In short, the seemingly trivial problem of providing just the right number of qualified people at the right time is actually highly dynamically complex.

What You Actually Did

The company decided to complement its regular planning process, which consisted of forecasting future workforce demand through spreadsheet analyses, with a modelling approach based on system dynamics. The goals that were set by the case-study company’s management for this study were

  • to conduct a structural analysis of the existing long-term workforce planning process for service operators,

  • to provide a dynamic analysis of the existing planning policies, and

  • to construct a scenario tool to improve the existing planning policies.

To meet these requirements, the company defined the following project framework:

  1. Interviews with members of the company with all the departments involved.

  2. Participative construction of a basic system dynamics model.

  3. Testing and validation of the constructed model for one service centre.

  4. Testing and validation of the model for a second service centre.

  5. Definition and evaluation of future scenarios to demonstrate the capabilities of the planning tool.

  6. Possible roll-out to all remaining service centres in Germany.

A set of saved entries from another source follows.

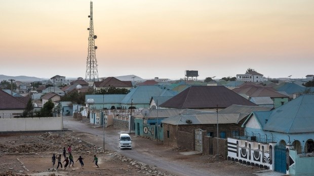 Boys play football in an empty lot in Garowe, the capital of Puntland. Photographer: Andrew Renneisen/Getty Images
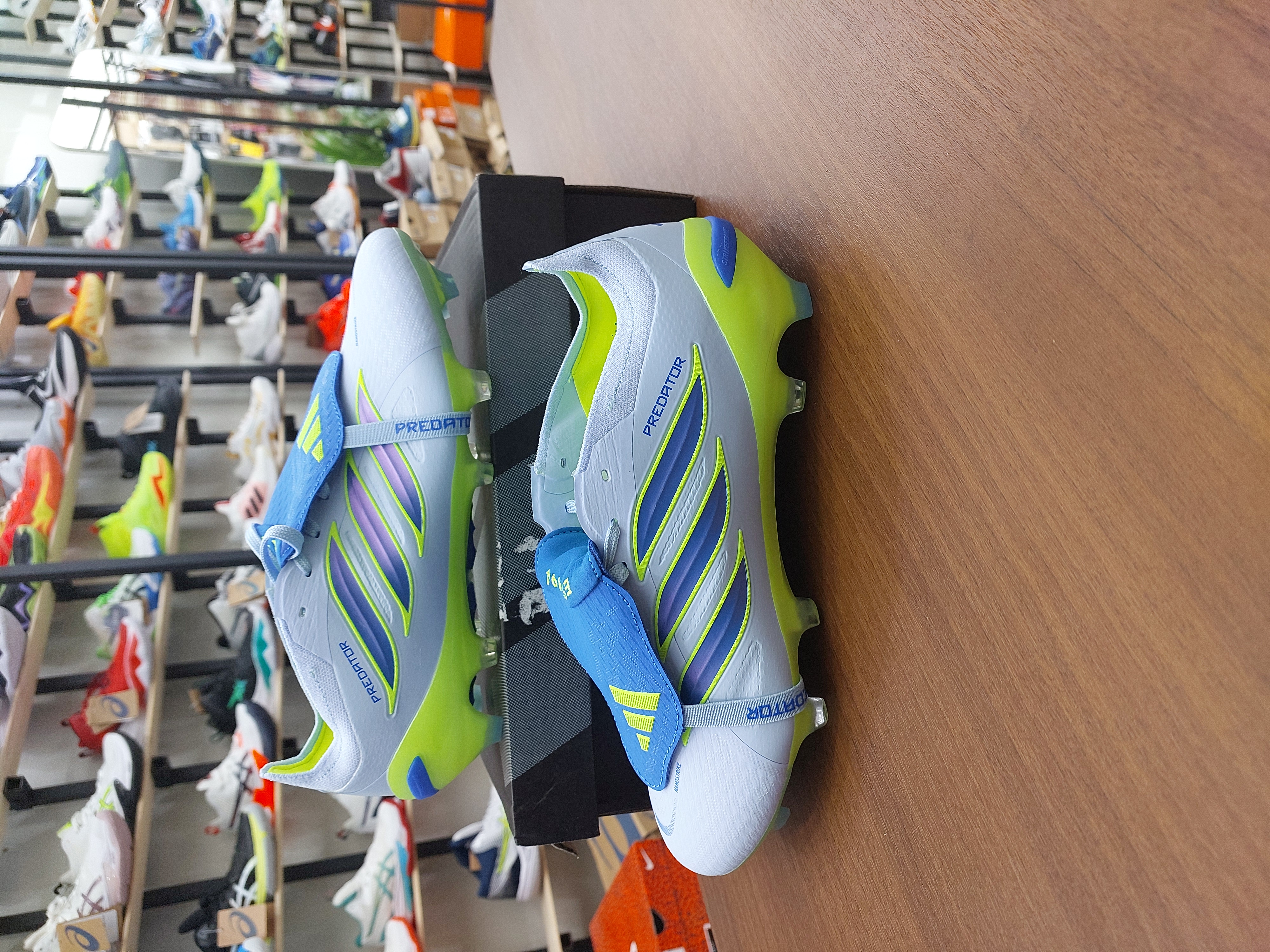 کفش فوتبال چمن آدیداس استوکدار بلینگام رنگ ابی سبز فسفری Adidas Predator
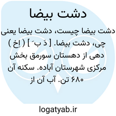 دشت بیضا. [ دَ ب َ ] ( اِخ ) دهی از دهستان سورمق بخش مرکزی شهرستان آباده. سکنه آن 680 تن. آب آن از قنات. محصول آنجا غلات، پنبه، بادام و انگور. ( از فرهنگ جغرافیائی ایران ج 7 ).
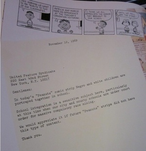 A letter sent to United Feature Syndicate 42 years ago regarding Franklin, the strip’s first African American character.
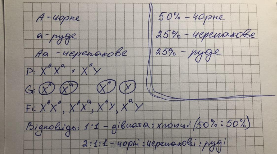 Один из його алелив визначае чорне забарвлення, а другий - руде. У выпадку, якщо организм е гетерозиготою за цим геном, то його забарвлення е черепаховим ( який Колин шерсти матимуть нащадки вид схрещування чорного кота й черепахової кишки?
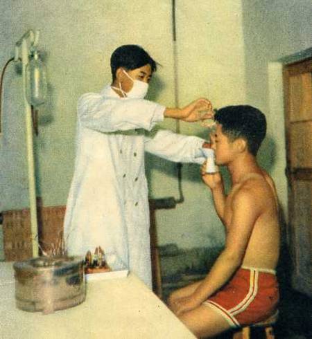 一天的工作结束后,工人们洗完了澡,正由医生洗涤眼睛。
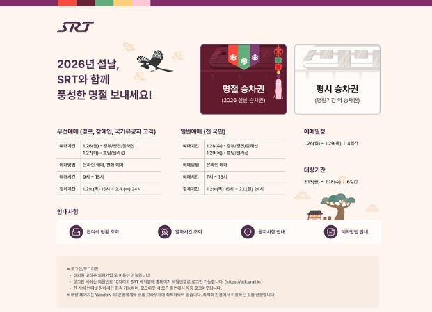 정연성 에스알 영업본부장은 “설 명절 승차권 예매가 안정적으로 운영될 수 있도록 철저히 대비해, 국민 이동 편의를 높이는데 최선을 다하겠다.”라고 밝혔다.

This multiphase approach highlights the fact that system dynamics-based modelling frequently is much more than a back-office modelling exercise with some expert involvement. The main reason for this approach is the necessity of building intensive involvement in the organization to foster commitment and trust in such a new approach to organizational planning. The modelling project was conducted in 2008.ed in 2008.

The Results

The modelling process involved several working sessions with a group of six to ten people. In the context of these sessions, several qualitative insights were gained:

  • There were data inconsistencies in the planning databases used by the service centres and the centralized planning department. These inconsistencies had never been laid bare, and only the rigorous character of the formal modelling approach led to a comparison of the databases in such detail that the problem could be identified.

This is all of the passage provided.